Unlike other shared workspaces in the United States which emphasize the needs of women, Burstein adds that Panthera doesn’t just offer regular social events for women at its impressive bar and stage area.
Rather its primary focus is helping women-led businesses to flourish. Events hosted by Panthera have included artificial intelligence and public speaking workshops for women.
“We took all the worlds of shared working and integrated them under one roof, but the emphasis is always on business development,” said Burstein.
“Research shows that even when children are still babies, we speak to boys and girls with different intonations.
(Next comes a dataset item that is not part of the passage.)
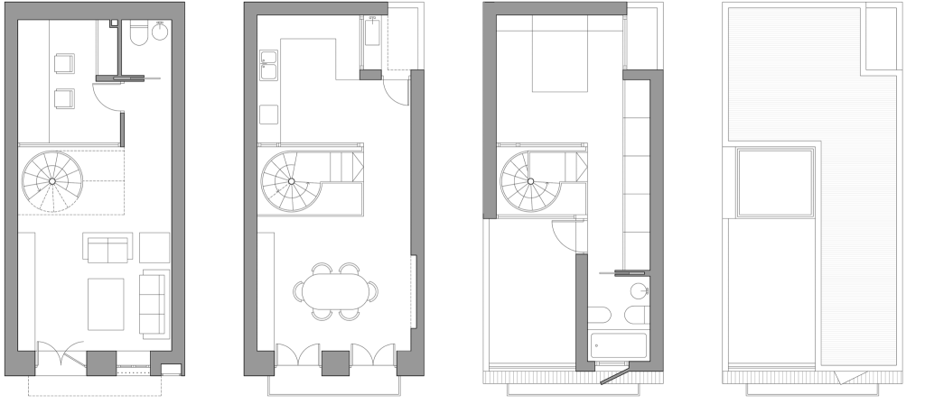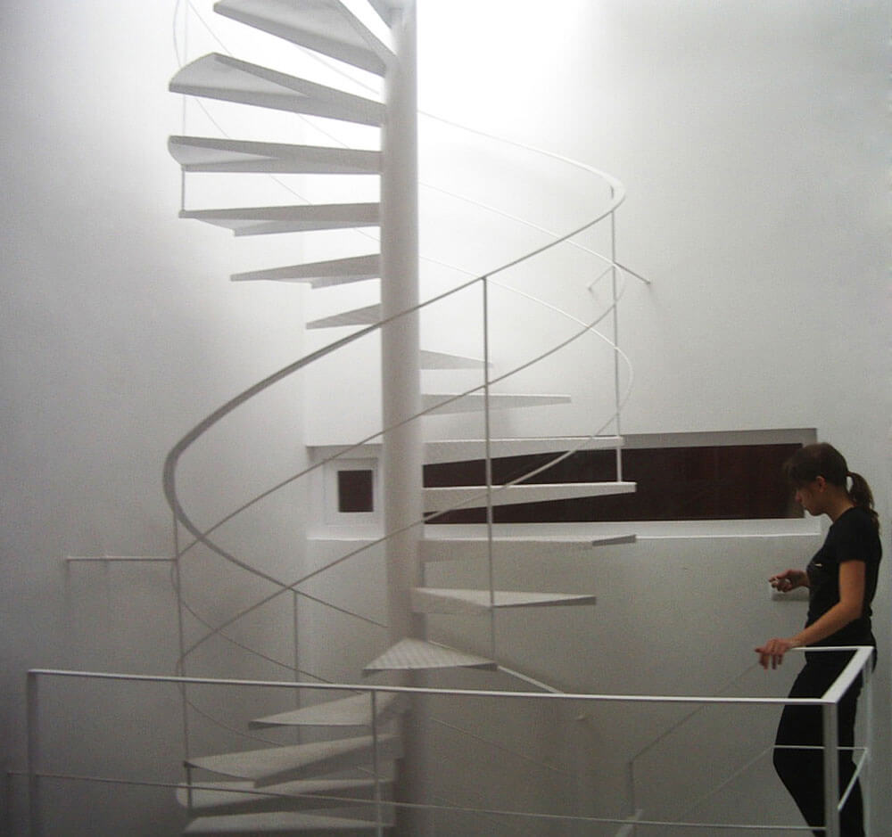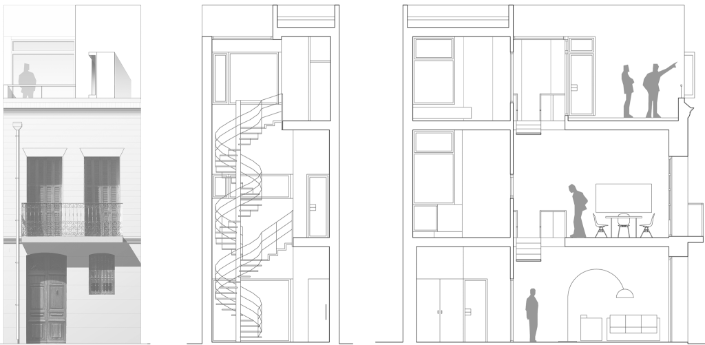 Los destinatarios, amantes de la arquitectura, tenían el deseo de explotar al máximo las posibles cualidades espaciales de tan reducido espacio, por lo que decidió hacer de la sección del edificio la protagonista de la intervención. Una escalera de caracol situada en el centro de la planta actúa como eje vertebrador de la vivienda. El espacio ocupado por ella, coronado por un lucernario que introduce luz cenital durante todo el día, funciona como un patio interior al que vierten las distintas estancias de la casa, proporcionando no solo luz natural sino a su vez relaciones visuales cruzadas y en consecuencia potenciando múltiples percepciones del espacio habitable y en definitiva convirtiendo en espacioso lo que antes no lo era, objetivo en definitiva de la intervención. La diferencia entre la fachada pre-existente y la ampliación, se significan en el contraste entre la limpieza del nuevo volumen y la fachada original que data de principio del siglo XX.

When they start to walk, we let boys run ahead and always hold girls back,” she added.
“So what happens when we start to work? Women don’t know the rules of the game. Panthera gives all the tools for women to go out and enter the male-dominated world.”
In February, Panthera opened its doors to its first female customers, backed by a group of investors including venture capitalist Fiona Darmon, Dr. Shoshi Feingold-Studnik and actress Asi Levi.
Two months later, the co-founders are aiming to open another five branches in Israel, and in major European cities including Berlin, London and Paris. Their next Israeli branch, currently under construction near their first office, will offer daycare for children up to three years old.
“The very identity of Panthera is to create a movement, so we won’t be alone. Our ecosystem is one of mutual assistance, opening doors for one another and trading with one another,” said Ben Simhon.
“As women alone, we don’t have money, and without wealth, you don’t have power or influence. But as a group, we will have a lot more influence. Only as a group, we can progress from a situation of lacking contacts to much larger achievements.”